Indeed, "at the end of 2010, an HSUS investigator worked inside a Smithfield/Murphy-Brown breeding facility in Waverly, Virginia that housed more than 1,000 sows in gestation crates, which are metal cages that individually confine sows and are so restrictive they prevent pigs from even turning around. The investigator documented the following findings:
a) Breeding sows were confined inside gestation crates so small the animals could barely move for virtually their entire lives. Frustrated by this extreme confinement, some sows had bitten their bars so incessantly that blood from their mouths coated the fronts of their crates.
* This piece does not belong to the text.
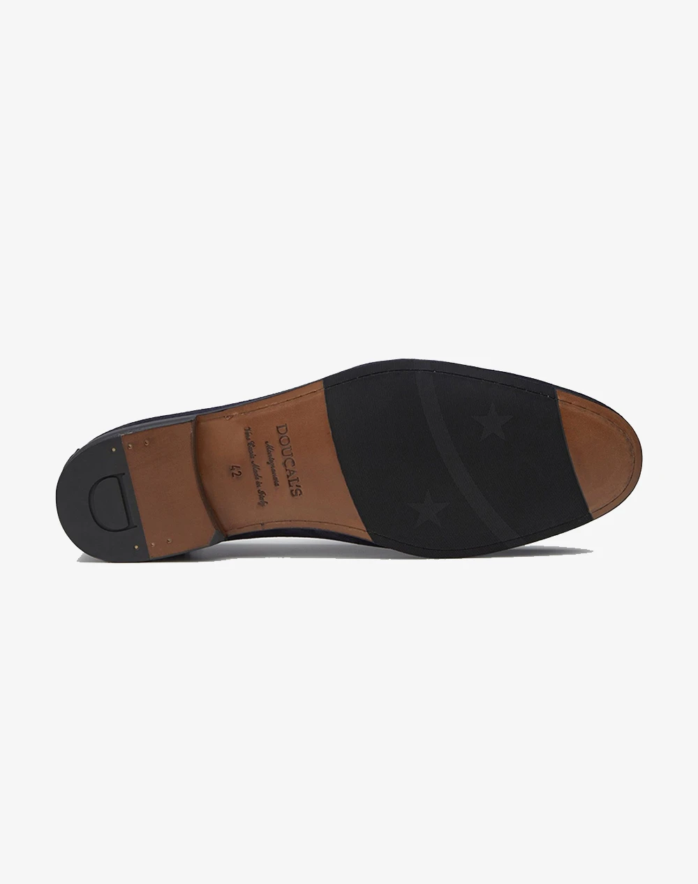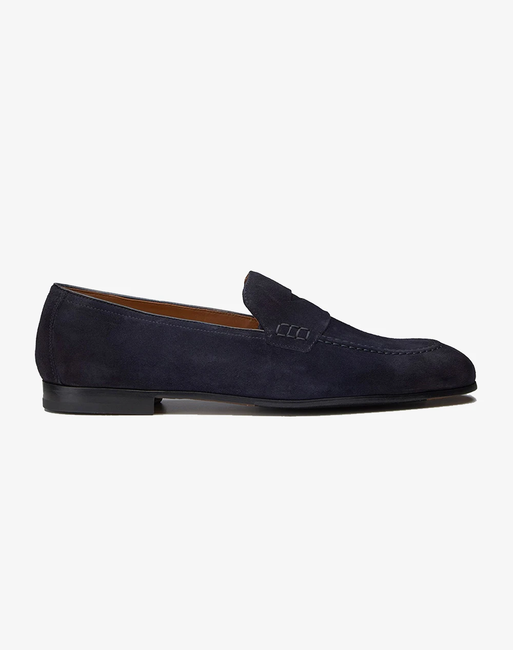 Ανδρικά μοκασίνια μονόχρωμα, σε σουέντ υφή, με vamp ραφές και δερμάτινη σόλα με μισό σπορόφυτο καουτσούκ. ( Σύνθεση: Δέρμα Καστόρι )

b) Sows suffered from open pressure sores and other ulcers and wounds that developed from their confinement and inability to change positions in the crate. Abscesses sometimes formed from simple scratches due to ever-present bacteria. The investigator never saw a veterinarian at the operation. A barn manager told the investigator to ignore a sow with a basketball-sized abscess on her neck, and then cut the abscess open with an unsterilized razor.
c) Employees jabbed a lame sow‘s neck and back with gate rods to force her to move.
d) Three times, the investigator informed employees that a pig was thrown into a dumpster alive. The animal had been shot in the forehead with a captive bolt gun, which is designed to render an animal unconscious, and was thrown in the dumpster still alive and breathing.
e) Employees mishandled piglets and tossed them into carts.
f) Piglets born prematurely in gestation crates fell through the slats and died in manure pits."
The report of the HSUS investigation was released and 3 months later, Smithfield launched the video campaign.
Aside from the brutal cruelty of such treatment of pigs, the complaint points out the intensive confinement in gestation crates alone is not humane, let alone the best possible care.
According to the Complaint, "[i]n January 2007, Smithfield did, in fact, pledge to phase out its use of gestation crates in company-owned facilities by 2017, but in 2009 the company backtracked on its self-imposed phase out timeframe." There is currently no phase out timeframe.
"While Smithfield is perfectly within its rights not to … reinstitut[e] a gestation crate elimination deadline, it is simply dishonest and unlawful to simultaneously tell investors that animal well-being is the company’s highest priority or that the pigs are provided the best possible care standards and live in ideal conditions."
The Complaint also points out a number of other allegedly misleading statements and images provided to investors about Smithfield’s industry and environmental certifications, use of surgical procedures performed on the pigs, conditions of its facilities, use of manure lagoons, use of antibiotics, and relationship to "organic" farming.